P r e s e n t a t i o n During the last two decades, historians of science and philosophy as well as philologists have pointed out the enormous wealth and variety of scientific and philosophical texts written in the European vernacular languages throughout the Low Middle Ages. Philosophy, the health sciences, astronomy/astrology, etc. were no longer an exclusive patrimony of the learned language which dominated the academic discussions at the Universities, i.e. Latin, but became subject to the creation of technical treatises in vulgar tongues embracing all fields of knowledge from rhetoric to music, from medicine to arithmetic. While many of these new texts in vernacular were translations –mostly, though not solely from Latin– this development also gave rise to a large number of compositions ex novo of texts in vulgar tongues.
The transmission in vernacular of a knowledge which was traditionally entrusted to the Latin language of monastic and academic discourse had important consequences for the languages of everyday speech which, from this very moment on, became languages of communication and culture in their own right. In this context, the study of the particular case of Catalan is an excellent point of departure, which allows to deepen our understanding of the issue at stake, since it is well defined and mapped, and offers a huge amount of first-class authors, such as Arnau de Vilanova, Ramon Llull and Francesc Eiximenis, who produced an outstanding corpus of vernacular texts.

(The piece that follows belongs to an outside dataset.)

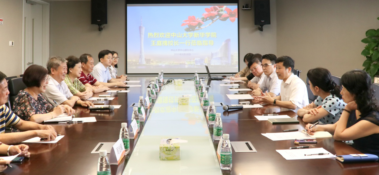 6月18日下午,王庭槐校长带领中山大学新华学院校长办公室丁艮平主任、学科与科技管理处张玲处长、教务处尹小川处长、人事处简庚荣处长、健康学院周旭毓副院长、学科与科技管理处史航副处长及相关工作人员一行10人,赴中山大学中山眼科中心(以下简称眼科中心)开展眼视光学系合作办学交流。此行受到眼科中心主任刘奕志教授、党委书记夏丹、中心副主任兼眼科学与视光学系主任卓业鸿教授、眼科学与视光学系副主任郑丹莹教授等人的热情接待。双方就眼视光学系合作办学事宜展开友好深入会谈,对合作办学的相关重要事项达成共识。

In addition, the situation of the Crown of Aragon as a territory of frontier and transition between the Islamic and Jewish Peninsular world and the Mediterranean and Northern regions of Christian Europe makes the case of Catalan vernacular most relevant: for being at the very crossroads of different linguistic and cultural traditions, it is this melting pot that brought out a significant part of the intellectual wealth of Europe, as we consider it today.
The contributions to this ICREA Conference on Science and Society in the Crown of Aragon focus on central aspects of the phenomenon of vernacularisation, situating the case of Catalan vernacular in the context of parallel movements across Europe, and comparing it to the Latin-Hebrew translations which constitute a contemporary example of diffusion of knowledge in non-Christian communities of learning. For this purpose, the most renowned experts –national and international– covering all areas of knowledge and disciplines involved in the study of the process of vernacularisation have been invited to Barcelona.